Get my FREE PDF Guide on Magnesium ๐Ÿ‘‰Guide on Magnesium


What is the first sign of magnesium deficiency?

The initial signs of magnesium deficiency can be subtle and often overlooked. Early symptoms may include loss of appetite, nausea, vomiting, fatigue, and weakness. As the deficiency progresses, more pronounced symptoms such as muscle cramps, numbness, tingling, and heart rhythm changes can develop.

What happens if low magnesium goes untreated?

If magnesium deficiency goes untreated, it can lead to more severe health issues, including osteoporosis, high blood pressure, heart disease, and diabetes. Chronic low magnesium levels have also been linked to mood disorders such as anxiety and depression.

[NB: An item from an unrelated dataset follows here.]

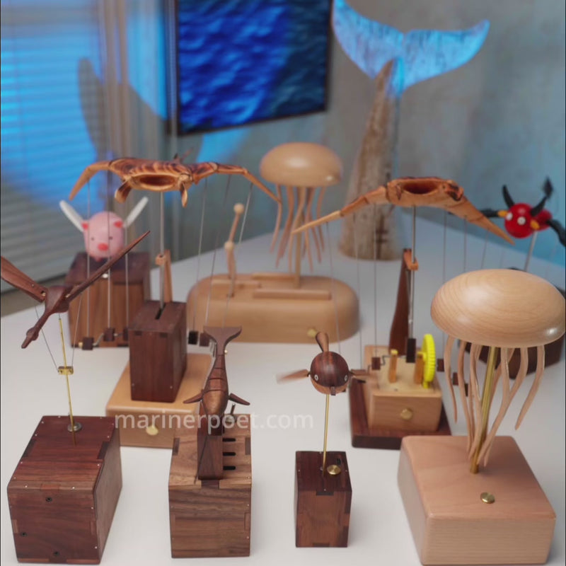 Découvrez les Automates en Bois de MARINER POET—des créatures en mouvement faites à la main. Silencieuses ou musicales, chaque pièce apaise, connecte et élève votre espace.

Does magnesium take effect right away?

The effects of magnesium supplementation can vary depending on the individual’s level of deficiency and the form of magnesium taken. Some individuals might notice an improvement in symptoms such as muscle cramps or anxiety within a few hours to days, while others might require a longer period of consistent supplementation to observe significant benefits.

How long does it take for magnesium deficiency symptoms to go away?

The duration required for magnesium deficiency symptoms to improve can range from a few days to several months, depending on the severity of the deficiency and the effectiveness of magnesium supplementation. Consistent daily intake is crucial for restoring magnesium levels and alleviating symptoms.

Magnesium Supplements: Types and Benefits

Magnesium Glycinate

Magnesium glycinate is a highly bioavailable form of magnesium known for its beneficial effects on sleep, anxiety, and overall muscle relaxation. It is less likely to cause gastrointestinal issues compared to other forms of magnesium.

Magnesium Supplement

Magnesium supplements are available in several forms, including magnesium oxide, citrate, chloride, and glycinate. Choosing the right form depends on your health goals, with magnesium glycinate being particularly recommended for sleep and anxiety.

Magnesium Foods

Rich dietary sources of magnesium include green leafy vegetables (such as spinach), nuts, seeds, legumes, whole grains, and fortified foods. Including a variety of these foods in your diet can help prevent magnesium deficiency.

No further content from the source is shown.